Predictors of CVD were shown in Table 4. CV risk factors, target organ damage, atrial fibrillation, chronic kidney disease and metabolic syndrome were independently associated with the presence of CVD.

Discussion

---

Current guidelines recommend systematic CV risk assessment in individuals at increased CV risk, such as those with major CV risk factors or comorbidities increasing CV risk as well as in men > 40 years of age and in women > 50 years of age or post-menopausal even without known CV risk factors [3]. Our study showed the significant impact of age on CVD, particularly among subjects aged 60 years or older. As a result, CV risk assessment should be performed in these individuals, or at least an active search for no known CV risk factors.

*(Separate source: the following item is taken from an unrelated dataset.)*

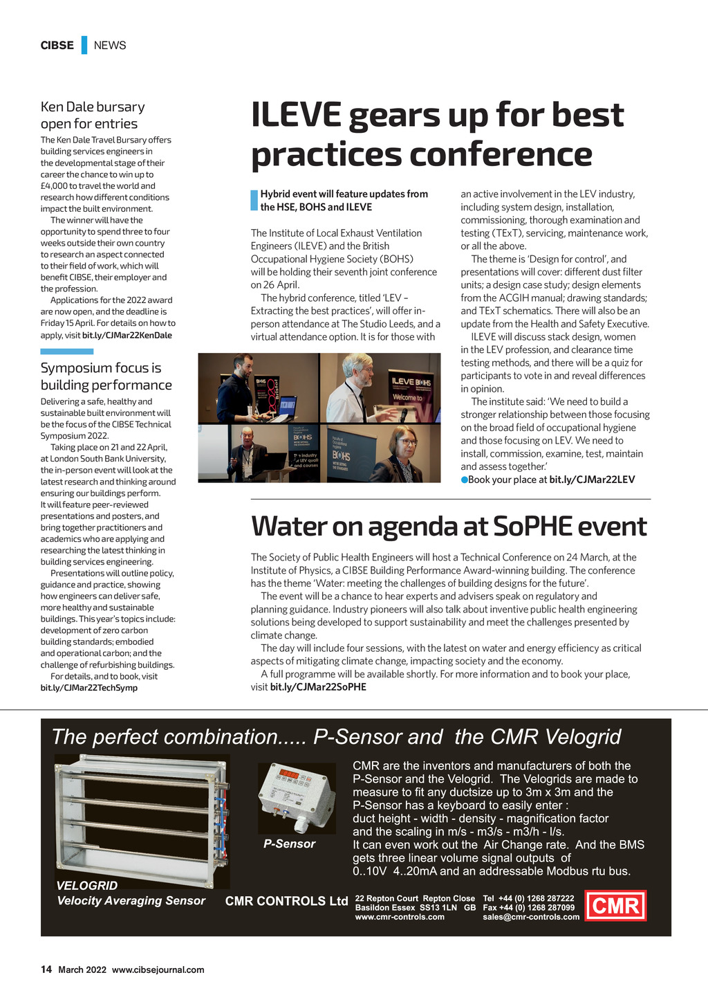 CIBSE | NEWS Ken Dale bursary open for entries The Ken Dale Travel Bursary offers building services engineers in the developmental stage of their career the chance to win up to 4,000 to travel the world and research how different conditions impact the built environment. The winner will have the opportunity to spend three to four weeks outside their own country to research an aspect connected to their field of work, which will benefit CIBSE, their employer and the profession. Applications for the 2022 award are now open, and the deadline is Friday 15 April. For details on how to apply, visit bit.ly/CJMar22KenDale Symposium focus is building performance Delivering a safe, healthy and sustainable built environment will be the focus of the CIBSE Technical Symposium 2022. Taking place on 21 and 22 April, at London South Bank University, the in-person event will look at the latest research and thinking around ensuring our buildings perform. It will feature peer-reviewed presentations and posters, and bring together practitioners and academics who are applying and researching the latest thinking in building services engineering. Presentations will outline policy, guidance and practice, showing how engineers can deliver safe, more healthy and sustainable buildings. This years topics include: development of zero carbon building standards; embodied and operational carbon; and the challenge of refurbishing buildings. For details, and to book, visit bit.ly/CJMar22TechSymp ILEVE gears up for best practices conference Hybrid event will feature updates from the HSE, BOHS and ILEVE The Institute of Local Exhaust Ventilation Engineers (ILEVE) and the British Occupational Hygiene Society (BOHS) will be holding their seventh joint conference on 26 April. The hybrid conference, titled LEV Extracting the best practices, will offer inperson attendance at The Studio Leeds, and a virtual attendance option. It is for those with an active involvement in the LEV industry, including system design, installation, commissioning, thorough examination and testing (TExT), servicing, maintenance work, or all the above. The theme is Design for control, and presentations will cover: different dust filter units; a design case study; design elements from the ACGIH manual; drawing standards; and TExT schematics. There will also be an update from the Health and Safety Executive. ILEVE will discuss stack design, women in the LEV profession, and clearance time testing methods, and there will be a quiz for participants to vote in and reveal differences in opinion. The institute said: We need to build a stronger relationship between those focusing on the broad field of occupational hygiene and those focusing on LEV. We need to install, commission, examine, test, maintain and assess together. Book your place at bit.ly/CJMar22LEV Water on agenda at SoPHE event The Society of Public Health Engineers will host a Technical Conference on 24 March, at the Institute of Physics, a CIBSE Building Performance Award-winning building. The conference has the theme Water: meeting the challenges of building designs for the future. The event will be a chance to hear experts and advisers speak on regulatory and planning guidance. Industry pioneers will also talk about inventive public health engineering solutions being developed to support sustainability and meet the challenges presented by climate change. The day will include four sessions, with the latest on water and energy efficiency as critical aspects of mitigating climate change, impacting society and the economy. A full programme will be available shortly. For more information and to book your place, visit bit.ly/CJMar22SoPHE 14 March 2022 www.cibsejournal.com CIBSE March 22 pp14-15 CIBSE News.indd 14 25/02/2022 15:08

Our study showed that compared with patients without CVD, those patients with CVD were older, and had a worse clinical profile. In addition, time of evolution of major CV risk factors (hypertension, dyslipidemia and diabetes) was longer in patients with CVD. As expected, CV risk factors and target organ damage were independent predictors for the development of CVD. Previous studies have shown a worse clinical profile in patients with CVD compared to those patients without CVD [11-15]. Importantly, in contrast to the majority of the studies in which the clinical profile of patients was analyzed according to the presence of only one type of CVD, our study analyzed CVD as a whole, providing a more comprehensive view of these patients.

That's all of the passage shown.